On February 9, 2001, the bankruptcy court dismissed Mr. Bilzerian’s bankruptcy

petition for cause pursuant to 11 U.S.C. sec. 707(a) (2000) on the basis of its

conclusion that, among other things, he lacked proper motives in filing his petition

and that no significant debt of his was dischargeable in bankruptcy.3 See In re

Bilzerian, 258 B.R. 850, 858 (Bankr. M.D. Fla. 2001). On May 29, 2001, Ms.

Steffen filed a chapter 11 bankruptcy petition in the same bankruptcy court.

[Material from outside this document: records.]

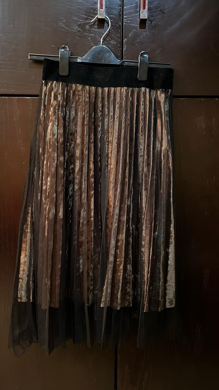 Ниже колена Подклад - велюр, верх плиссированная сеточка Талия на резинке Ориентировочно размер М Артикул: 602318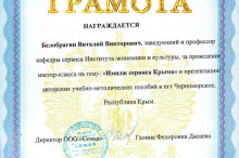 Новый учебный год ознаменовался для кафедры сервиса серией мастер-классов и презентаций книг ее заведующего и профессора, академика РАЕН Виталия Викторовича Белобрагина в западной части Крыма, в пгт. Черноморское.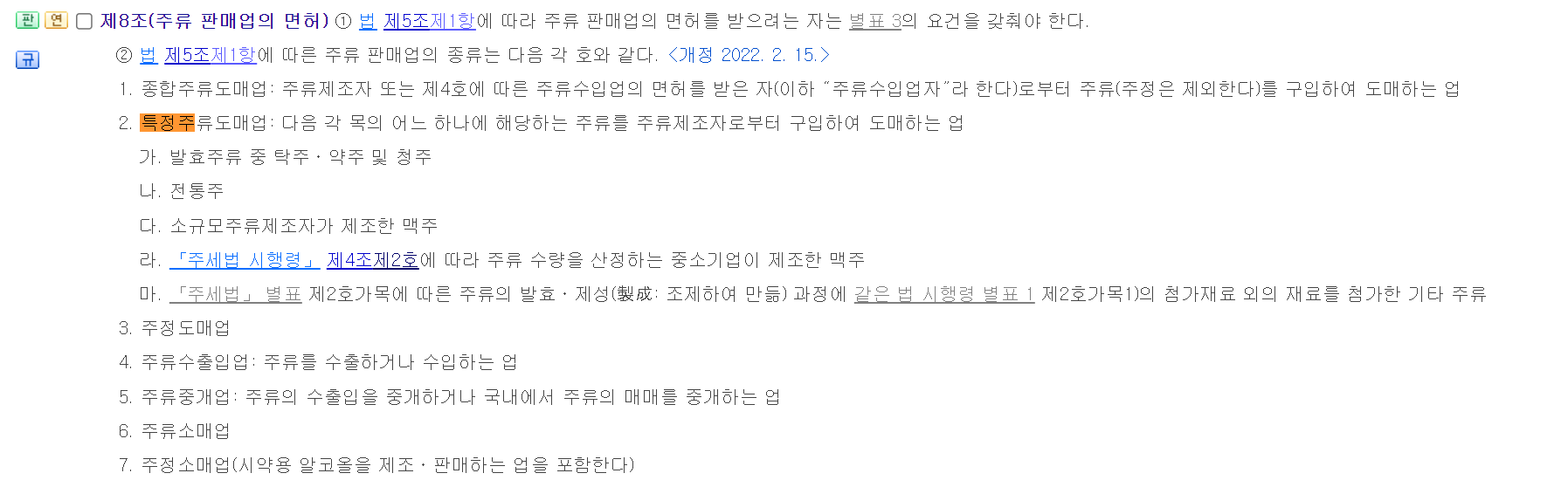 특정주류도매업은 발효주류 중 탁주ㆍ약주 및 청주, 전통주, 소규모주류 제조자가 제조한 맥주 주세 법령에 따른 주류 수량을 산정하는 중소기업이 생산한 맥주 중 하나를 구입하여 도매하는 업입니다.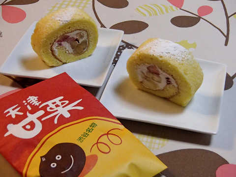 今日の食後のデザートは、妻のお手製フルーツたっぷりふわっふわのロールケーキと私が買ってきた天津甘栗。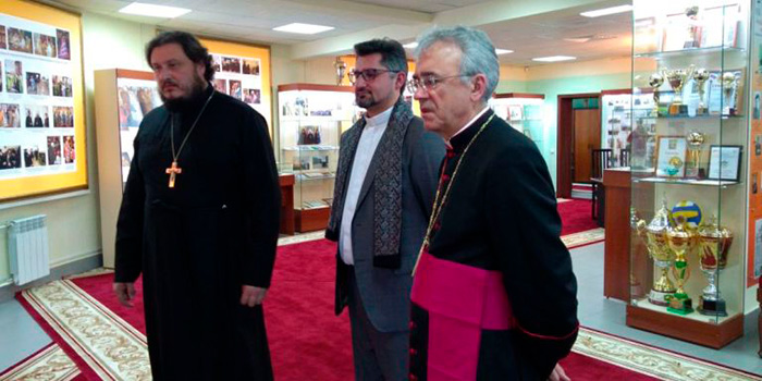 Также были обсуждены моменты сотрудничества Католической и Православной Церквей в сфере образования, обмена преподавателями (!!!) и группами учащихся. Были решены некоторые практические вопросы по межконфессиональной поддержке Кемеровской православной гимназии и Кузбасской духовной семинарии. ![]() В дальнейшем участники встречи отобедали в банкетном зале Кемеровского епархиального управления и совершили экскурсию в Музей Православия на земле Кузнецкой.
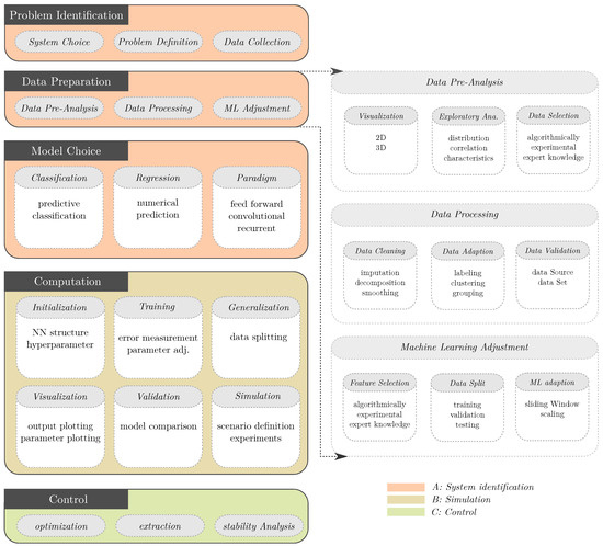 All parts of the system identification process are essential for a purposive training of an ANN considering different characteristics of the data and the analysed (sub-)system. The target for the chosen system itself is described in A1, followed by an extensive exploratory data analysis in A2, which leads to the choice of suitable ANN structures in A3. In the computation part, system identification and simulation overlap, as the training is essential to build the mapping from inputs to outputs and use it to forecast different scenarios and problems in the simulation part (B) (cf. Section 3.2). Control (C) closes the framework, as it enables the extraction of knowledge from the ANN and the analysis of its stability, ensuring it is usable for optimization (cf. Section 3.3).

Because of the filing of Ms. Steffen’s bankruptcy case, this Court did not allow the

instant case to go forward until December 6, 2010, after receiving notification that

the bankruptcy court had lifted the automatic stay.

General Background

      A full history of petitioners’ litigation in the Federal courts would require

volumes and, in any case, is beyond the scope of the issue before us. However, we




      3
        The bankruptcy petition Mr. Bilzerian filed on February 9, 2001, was
actually his second bankruptcy petition. He had previously filed his first bankruptcy
petition on August 6, 1991. See Bilzerian v. SEC (In re Bilzerian), 146 B.R. 871
(Bankr. M.D. Fla. 1992). In that bankruptcy case, the bankruptcy court determined
that several of Mr. Bilzerian’s debts were not dischargeable in bankruptcy. See
SEC v. Bilzerian (In re Bilzerian), 153 F.3d 1278 (11th Cir. 1998); HSSM #7 Ltd.
P’ship v. Bilzerian (In re Bilzerian), 100 F.3d 886 (11th Cir. 1996).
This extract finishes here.